_DATASET EXTRACT_.
* * * * *

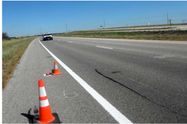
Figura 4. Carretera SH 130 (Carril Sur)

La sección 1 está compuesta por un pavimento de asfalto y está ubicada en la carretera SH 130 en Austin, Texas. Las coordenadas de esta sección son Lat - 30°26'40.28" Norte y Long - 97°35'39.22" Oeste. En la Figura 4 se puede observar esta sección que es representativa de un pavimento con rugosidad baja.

* * * * *

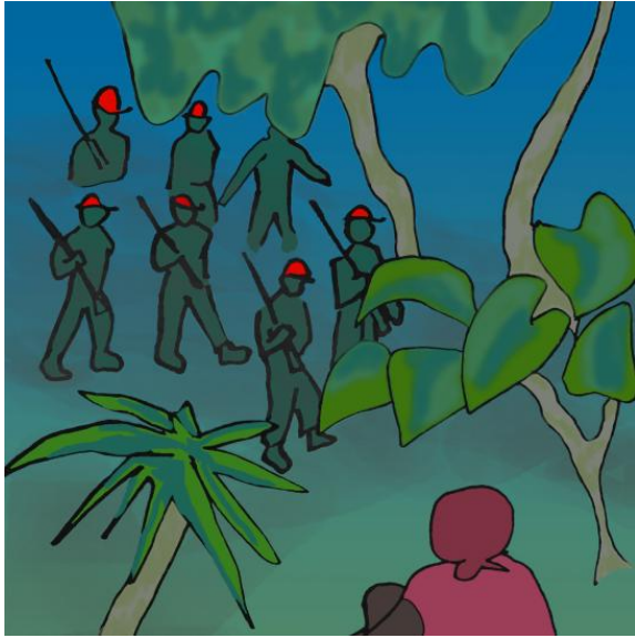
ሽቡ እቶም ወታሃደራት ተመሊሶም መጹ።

* * * * *

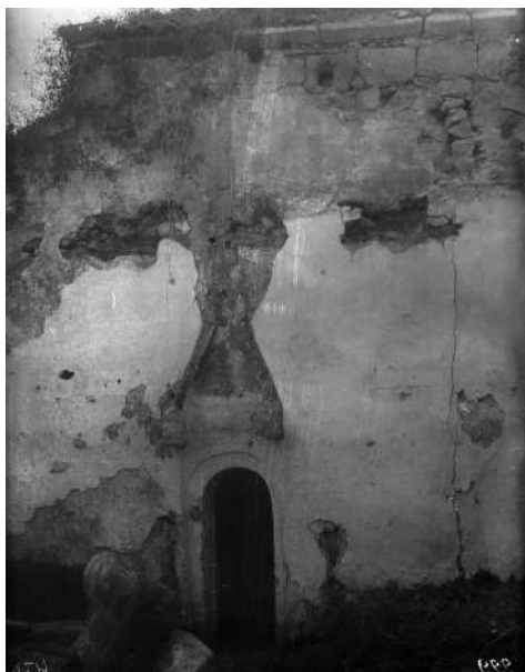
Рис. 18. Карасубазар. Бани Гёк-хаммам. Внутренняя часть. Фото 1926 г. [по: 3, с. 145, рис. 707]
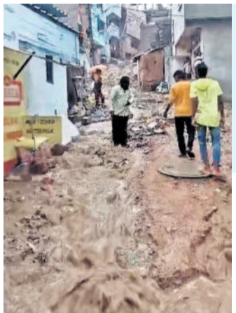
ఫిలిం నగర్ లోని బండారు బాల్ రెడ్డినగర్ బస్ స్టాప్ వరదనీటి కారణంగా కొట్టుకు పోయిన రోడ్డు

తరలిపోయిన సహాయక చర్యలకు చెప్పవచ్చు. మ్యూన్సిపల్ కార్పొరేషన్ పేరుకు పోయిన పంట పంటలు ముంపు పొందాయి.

* * * * *

_TASK PROMPT_. Of the lines above, retype only those from the line containing "ఫిలిం నగర్ లోని" through the line containing "తరలిపోయిన సహాయక చర్యలకు", including both, exactly.

_RESPONSE TO THE TASK_.
ఫిలిం నగర్ లోని బండారు బాల్ రెడ్డినగర్ బస్ స్టాప్ వరదనీటి కారణంగా కొట్టుకు పోయిన రోడ్డు

తరలిపోయిన సహాయక చర్యలకు చెప్పవచ్చు. మ్యూన్సిపల్ కార్పొరేషన్ పేరుకు పోయిన పంట పంటలు ముంపు పొందాయి.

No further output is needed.